L'administration peut-elle contrôler mes factures en dehors d'une procédure officielle de contrôle ?

Oui, dans une certaine mesure. La DGFiP peut exercer son droit de communication auprès de votre plateforme de facturation sans déclencher de procédure formelle à votre encontre. Elle peut ainsi collecter des données de façon préventive ou dans le cadre d'un contrôle visant un de vos clients ou fournisseurs. La transparence des flux est donc permanente, même en dehors de tout contentieux.

Combien de temps doit-on conserver les factures électroniques ?

La règle générale impose une conservation de 6 ans pour les pièces comptables (article L.102 B du Livre des procédures fiscales). Mais pour les factures électroniques soumises à la réforme, un archivage opposable de 10 ans dans le format natif de réception est fortement recommandé par la DGFiP. Il est impératif que le format, la signature et l'horodatage soient préservés intacts.

Une facture PDF envoyée par email est-elle acceptée après la réforme ?

Non, pour les transactions BtoB entre assujettis à la TVA en France. Depuis l'entrée en vigueur de la réforme, les échanges doivent obligatoirement transiter par une plateforme agréée ou le PPF dans un format structuré. Un simple PDF envoyé par email expose l'entreprise à un rejet de la déductibilité de la TVA en cas de contrôle fiscal.

Qu'est-ce que le fichier des écritures comptables (FEC) et pourquoi est-il important ?

Le FEC est un export normalisé de votre comptabilité, structuré selon un format défini par l'arrêté du 29 juillet 2013. Il doit être remis à l'administration sur première demande lors d'une vérification de comptabilité. Son analyse automatisée permet aux vérificateurs de détecter des anomalies en quelques minutes : séquences de numéros non continues, montants atypiques, dates incohérentes.

Comment savoir si ma solution de facturation est vraiment conforme ?

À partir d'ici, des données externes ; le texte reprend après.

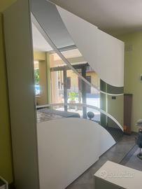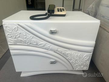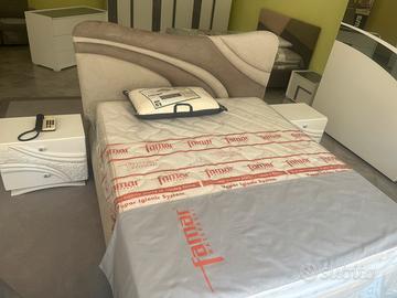 Bellissimo armadio con due ante scorrevoli con specchio, completa di comodini e comò e specchiera con letto imbottito come da foto!

La première vérification est de s'assurer que votre solution est immatriculée comme Opérateur de Dématérialisation Partenaire (ODP) par la DGFiP, ou qu'elle est connectée au PPF. Une plateforme agréée digne de ce nom vous fournit un rapport de conformité sur chaque flux émis. En cas de doute, notre simulateur de facturation électronique vous permet d'évaluer votre situation en quelques minutes.

Conclusion

La réforme de la facturation électronique a changé les règles du jeu, durablement et profondément. Le contrôle fiscal facture électronique n'est plus une vérification ponctuelle et imprévue : c'est un processus continu, alimenté par des données que votre entreprise transmet elle-même à l'administration.

Une entreprise bien équipée, dont la piste d'audit fiable est irréprochable et dont l'archivage est conforme, peut aborder un contrôle avec sérénité. CEDO, développé par Cerfrance Dordogne, est précisément conçu pour vous mettre dans cette position.